[Work required]: Starting with the first line of the data below, copy each line up to and including the one containing "(Bạn sẽ nghe". Pictures stay out.

::::::

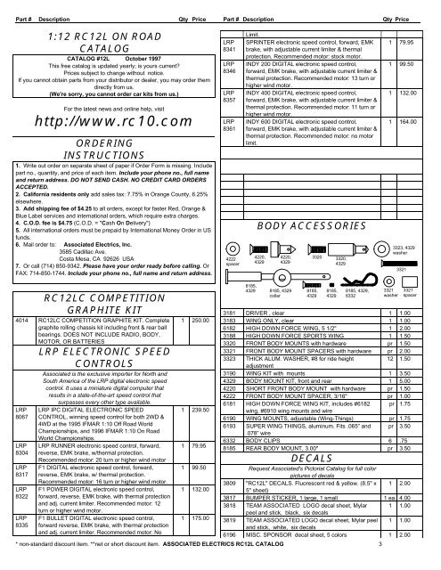 Parts List/Exploded View - Team Associated team associated tc3 parts
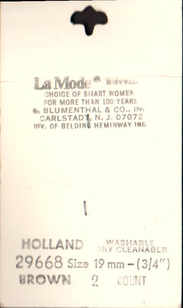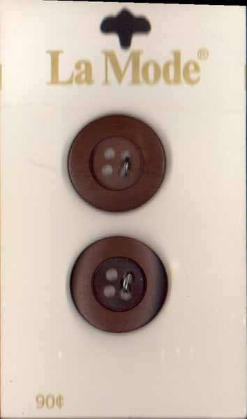 Vintage La Mode 19 mm (3/4 inch) Carded Brown 4-Hole Buttons Two Pieces
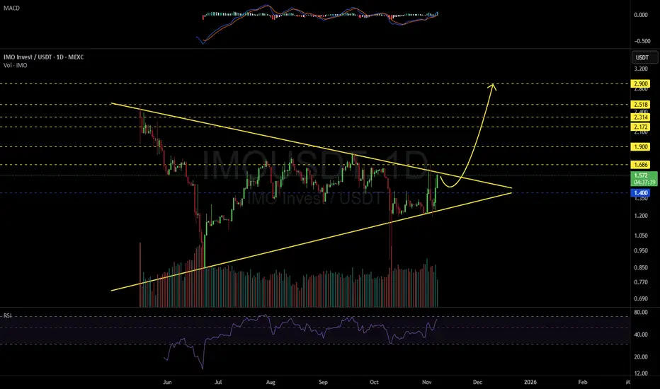 #IMO is currently trading within a symmetrical triangle on the daily chart. Wait for a clean breakout before entering this trade. In case of a confirmed breakout, the potential upside targets are:
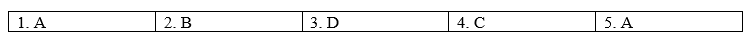 (Bạn sẽ nghe thấy năm đoạn hội thoại ngắn. Bạn sẽ nghe mỗi cuộc trò chuyện hai lần. Có một câu hỏi cho mỗi cuộc trò chuyện. Với mỗi câu hỏi, hãy chọn câu trả lời đúng (A, B hoặc C).
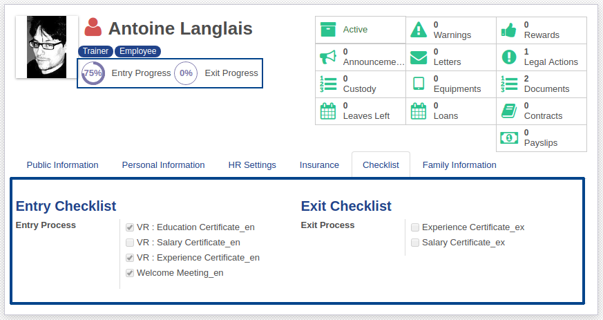 A person has to undergo all configured checklist items before being admitted/resigned. Corresponding Percentpie will be shown in employee form view.
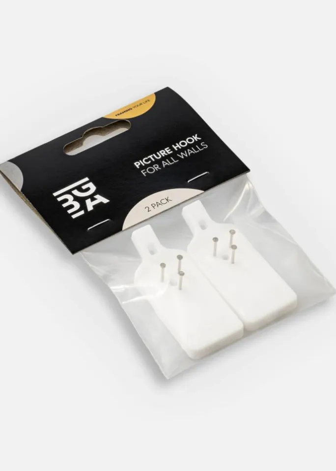 Med denne billedkrog kan det ikke gå lettere eller hurtigere at få dit billede op på væggen. Du behøver intet avanceret værktøj – bare en almindelig hammer. Uanset om dit billede har ophængningswire eller om det ophænges direkte i rammens kant, så kan det hænges op ved hjælp af denne billedkrog. Billedkrogen klarer desuden op til 5 kilos tyngde og hele 10 kilo hvis du anvender to billedkroge til samme billede.
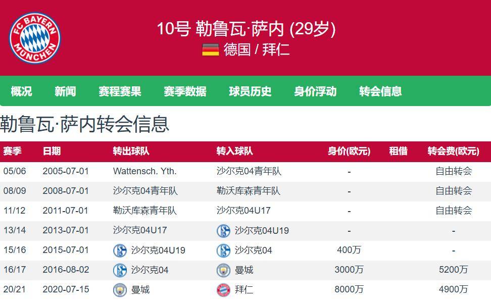 萨内在沙尔克04成长并成名,球员于2016年夏窗以5200万欧元的转会费加盟曼城,4年蓝月生涯135场39球44助;球员于2020年夏窗以4900万欧元的转会费加盟拜仁,5年拜仁生涯220场61球55助。
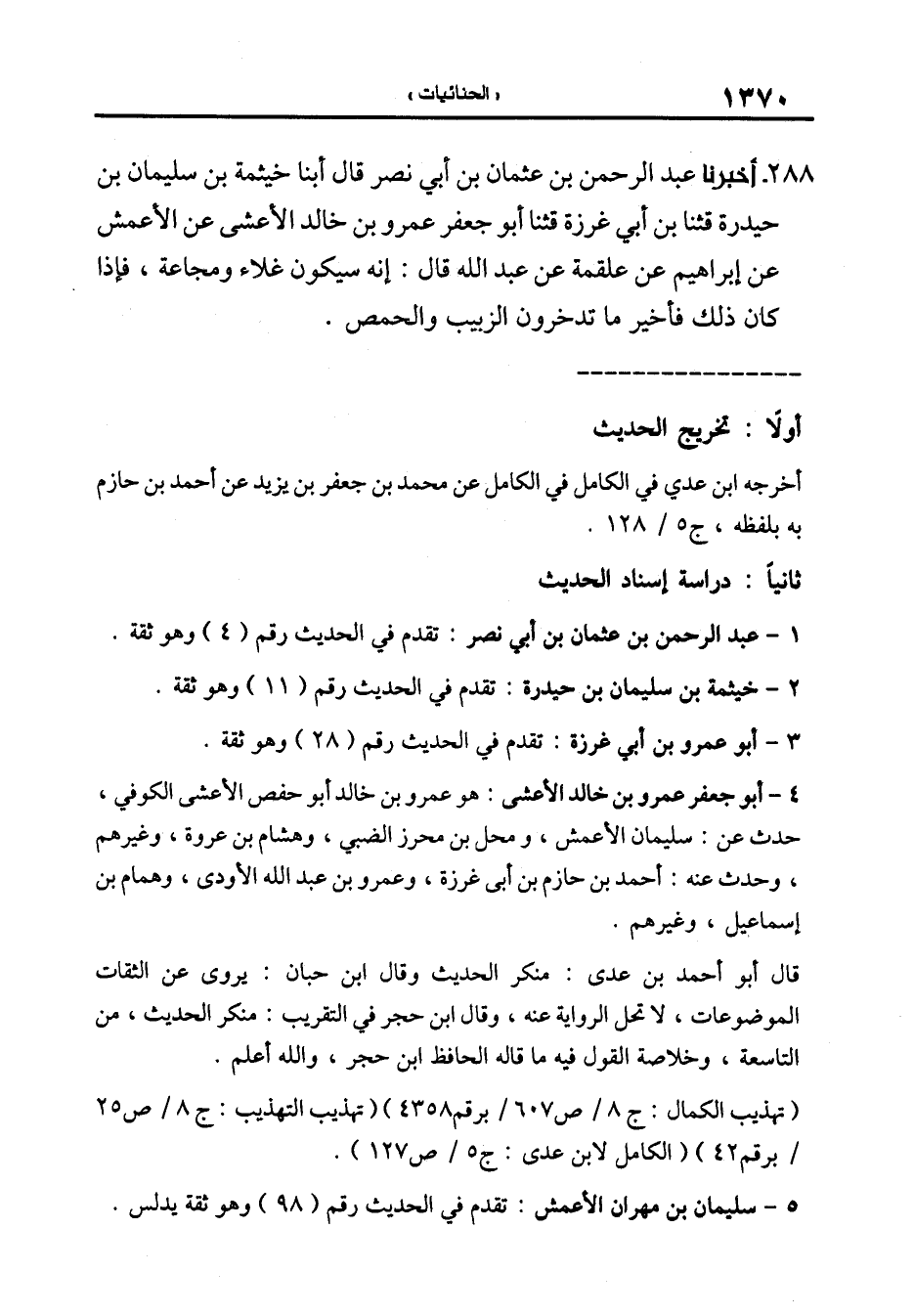 288-[297] أَخْبَرَنَا عَبْدُ الرَّحْمَنِ بْنُ عُثْمَانَ بْنِ أَبِي نصر قال أبنا خيثمة بن سليمان بن حيدرة قال: ثنا ابن أبي غرزة قال: ثنا أبو جعفر عمرو بن خالد الأعشى عن الأعمش عن إبراهيم عن علقمة عن عبد الله قال: إنه سيكون غلاء ومجاعة فإذا كان ذلك فأخير ما تدخرون الزبيب والحمص.
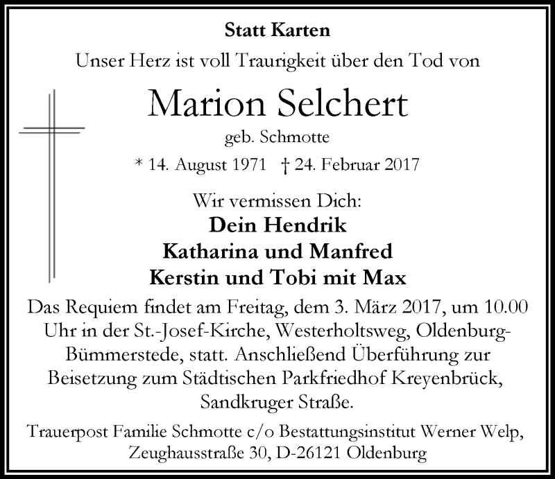 Hier finden Sie alle Traueranzeigen aus der Zeitung, die bisher für Marion Selchert erschienen sind. Weitere Traueranzeigen, die in der Zeitung erscheinen, werden hier ebenfalls aufgelistet
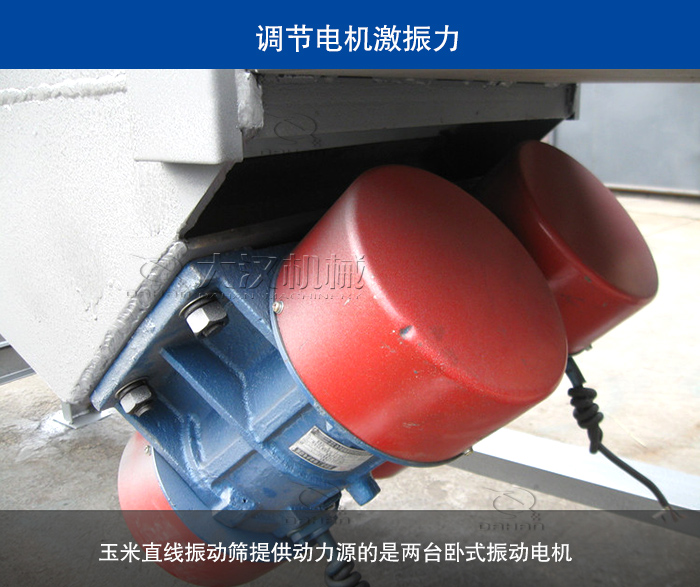 玉米直線振動篩提供動力源的是兩臺臥式振動電機,在設(shè)備出廠時電機的激振力是根據(jù)用戶提供數(shù)據(jù)調(diào)節(jié)好的,在實際使用過程中如出想提高產(chǎn)量也可通過調(diào)節(jié)兩臺電機偏心重錘的方式增加激振力實現(xiàn)提高產(chǎn)量。這里要注意的時在調(diào)節(jié)激振力前請先咨詢您的供應(yīng)商再進行合理調(diào)節(jié)。
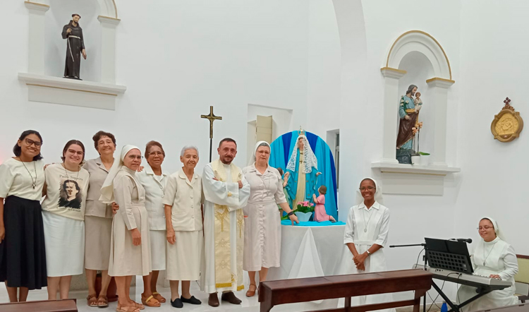Neste mês de maio, consagrado à Virgem Maria, nós Irmãs Franciscanas do Amparo nos reunimos com fervor e alegria nas comunidades de Maceió/AL, no dia 24 de maio, e do Rio de Janeiro/RJ, no dia 25 de maio, para celebrar a presença amorosa e intercessora de Nossa Senhora, Mãe do Amparo e Padroeira de nossa Congregação.
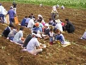 ご無沙汰しておりました。日記の書き込みをしようしようと思っていたら、もう9月!忙しさの余り書き込みするのを忘れておりました。すみません。っと、そんなところで今日は本番で使う里芋の芋堀です!!市内ボランティア、自衛隊さん、生産者の方々、農協さん等など、総勢約150名で頑張って行いました。
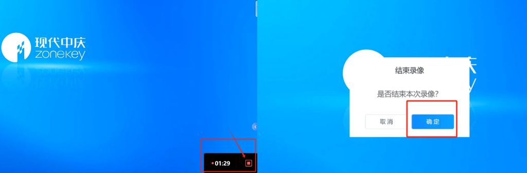 3.2需要停止/结束录制时,在屏幕右下角单击【停止】按钮并确定。
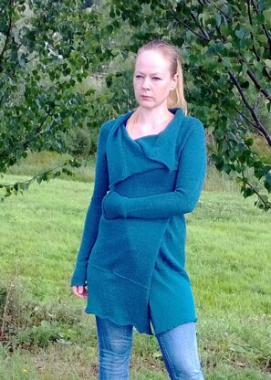 You can wrap it around you, knit a belt to it, fasten with a shawl pin, anything! No waist shaping in the pattern, the shaping comes naturally when you wear this garment!
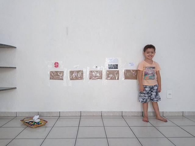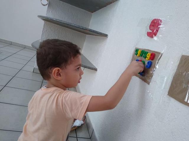 Hoje foi o dia de trabalhar o número 9, cor branco, cor preto, forma geométrica retângulo e macio/duro com uma atividade bem lúdica. É muito simples, só utilizamos fita crepe e papelão.
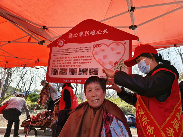除此以外,志愿摊位还设置了大量互动环节,九里社区“文明养犬很圈粉”、徐矿城社区“消防入户筑防线”、天齐社区“电动车义务上牌,雷锋服务送到家”等15支各具特色的志愿服务队,为居民提供文明养犬、电动车上牌、健康义诊、全民健身、免费理发、小家电维修、剪纸书法等志愿服务项目,让居民在“家门口”就能享受到文明成果。
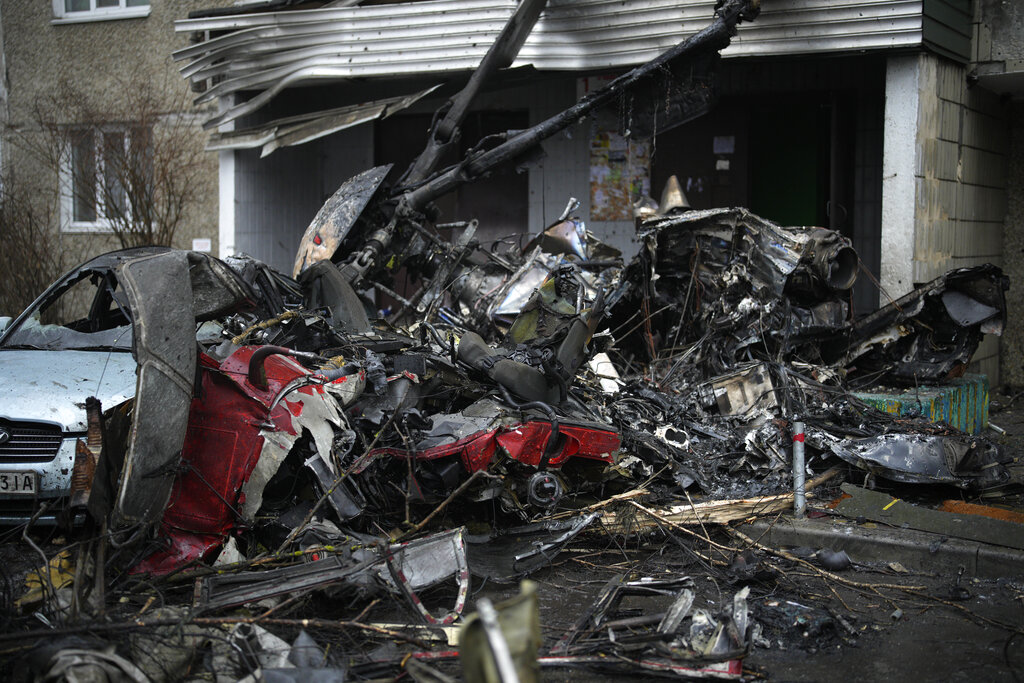 KYIV, Ukraine (AP) — A helicopter crash in a Kyiv suburb Wednesday killed 18 people, including Ukraine’s interior minister and three children, Ukrainian authorities said.
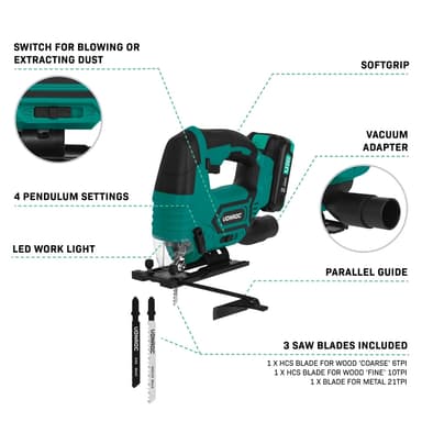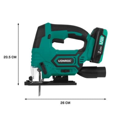 VONROC Stiksav | kompakt & kraftfuld | 2700 o/min | -45° til 45° geringsvinkel | Inkl. 2x 2.0Ah akku og oplader, Parallelanslag & 3 savklinger
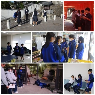 1年生は、めめど食堂、鳥静、瀬戸蔵ミュージアム、深川神社、東名ボールの5か所に分かれてロケ地撮影を行いました。天気にも恵まれ最高の撮影日和でした。
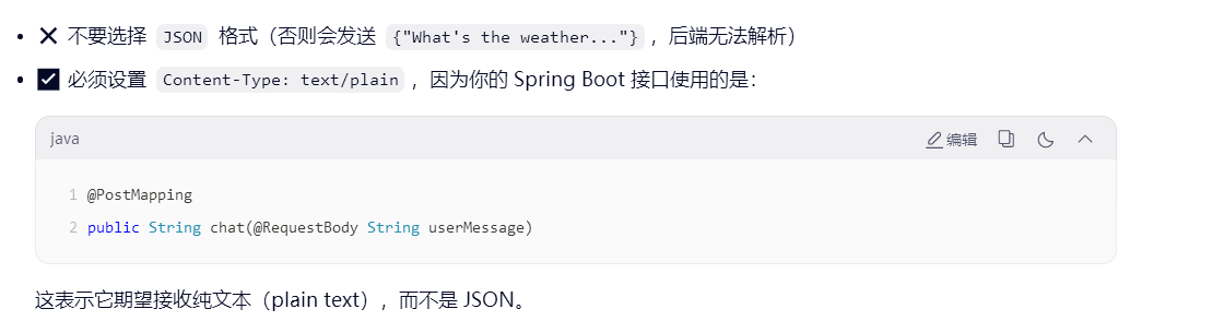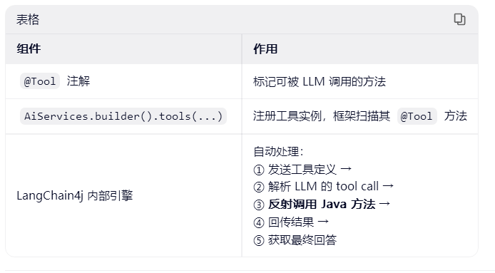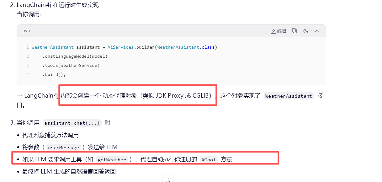 在 LangChain4j 的方案一 中,getWeather(String city) 方法的调用是 由 LangChain4j 框架自动完成的 ,你不需要手动解析 LLM 的输出或显式调用该方法。整个过程对开发者是透明的,**只需通过 @Tool 注解声明工具方法,框架会在 LLM 决定需要调用工具时自动执行它。**只需用 @Tool 标记方法,并通过 .tools() 注册实例,LangChain4j 会在 LLM 需要时自动反射调用它,并将结果无缝集成到对话中。

::::::

[Exercise output]:
 Parts List/Exploded View - Team Associated team associated tc3 parts
 Vintage La Mode 19 mm (3/4 inch) Carded Brown 4-Hole Buttons Two Pieces
 #IMO is currently trading within a symmetrical triangle on the daily chart. Wait for a clean breakout before entering this trade. In case of a confirmed breakout, the potential upside targets are:
 (Bạn sẽ nghe thấy năm đoạn hội thoại ngắn. Bạn sẽ nghe mỗi cuộc trò chuyện hai lần. Có một câu hỏi cho mỗi cuộc trò chuyện. Với mỗi câu hỏi, hãy chọn câu trả lời đúng (A, B hoặc C).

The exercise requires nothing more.